Il fatto nuovo è costituito proprio da questa tenuta sulla quale molti non avrebbero scommesso un soldo bucato. Certo si possono invocare ragioni politicanti: la scarsa resa alle urne della complicità socialista nel seguire i diktat europei e l’aumento invece delle sinistre più radicali e/o comuniste, però sarebbe sciocco e riduttivo, specie perché tutto questo avviene nel pieno di un presunto “miracolo portoghese” costruito sulla carta dei giornali e sugli schermi della tv per prendere in giro le persone, analogamente a quanto accade altrove e più che mai in Italia (vedi qui). C’è qualcosa di più: è come se si avvertisse che il male oscuro dell’Europa progredisce verso un esito infausto, nonostante le “vittorie” in Grecia, le continue asserzioni di ottimismo come nei campi di Pol Pot, la diffusione di manciate di paure e la capacità di ricatto della Bce e del sistema bancario. Sotto il peso della stagnazione economica e delle nuove vicende geopolitiche che cominciano a far soffiare venti di guerra, si percepisce che la costruzione in apparenza solida è fatta di materiale ideologico scaduto e tenuta assieme dai cavi di tensione del sistema monetario e bancario. La rottura anche di un sostegno minore potrebbe causare il crollo complessivo.

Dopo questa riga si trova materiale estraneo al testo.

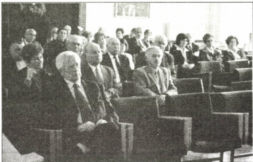
A 2004. novemberi felolvasó ülés közönsége
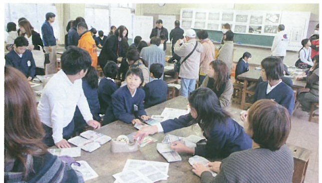
上側・避難所で使う上履きを、新聞紙で作る。チラシで皿も作る。
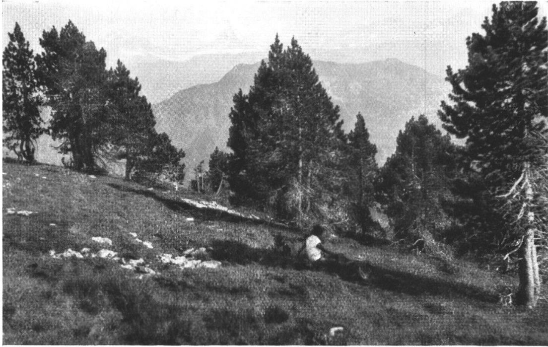
5. Baumgrenze am Hohgant (Steinigematt, 2030 m): Aufrechte Bergföhren (auch Jungpflanzen), Nardus-Rasen, Alpenrosengebüsche.

Naturalmente a Bruxelles sono costernati dal “fattaccio di Lisbona” che rimette in gioco una democrazia che pareva già agonizzante , dall’arroganza con la quale l’alleanza di sinistra pretende di aumentare il salario minimo a 600 euro al mese, dal pericolo che vengano congelati i tagli dei salari nel settore pubblico, la mattanza delle pensioni o la concessione ai privati  dell’acqua pubblica, di ciò che rimane della compagnia di bandiera o dei trasporti pubblici di Lisbona e Oporto: faranno di tutto perché questo non accada, compresa la stangata da spread nella convinzione non certo peregrina che un’alleanza così composita finisca per sfasciarsi sotto la pressione della Ue. Ma la governance europea dorme preoccupata, per dirla con un’espressione di quel nonnismo di cui l’Europa fa sfoggio  nei suoi club privée di potenti e banchieri  che dettano legge: non si aspettavano un risultato elettorale di questo tipo dentro una campagna di inganni volta ad attestare una ripresa del Paese, tanto che dopo aver parlato e straparlato di  miracoli, il giorno dopo le elezioni hanno cambiato radicalmente versione e nel giro di poche ore hanno scoperto che il Portogallo è sull’orlo del precipizio cominciando a lanciare raffiche di intimidazioni.  Men che meno si aspettavano la resistenza socialista ai richiami del presidente e la tenuta del patto a sinistra. Sanno di poter ribaltare la situazione, ma sentono anche loro che qualcosa scricchiola sotto i piedi: il paradiso di bugie che hanno costruito si sta sgonfiando e dentro la più grave recessione mai vista del commercio mondiale che quest’anno ha un fatto un tonfo del – 8,4% ( con il mercato delle materie prime che fa segnare un meno 25%): le cifrette episodiche dei governi e dell’Ocse sono patetiche, così come le balzane previsioni fatte sul nulla e regolarmente riviste se non alterate alla radice grazie ai nuovi criteri di calcolo del Pil che lasciano ampio spazio alle manipolazioni di una misura econometrica che si va rivelando nel tempo una manipolazione essa stessa. Il miracolo di Lisbona è che anche le facce di bronzo e di creta che piangono.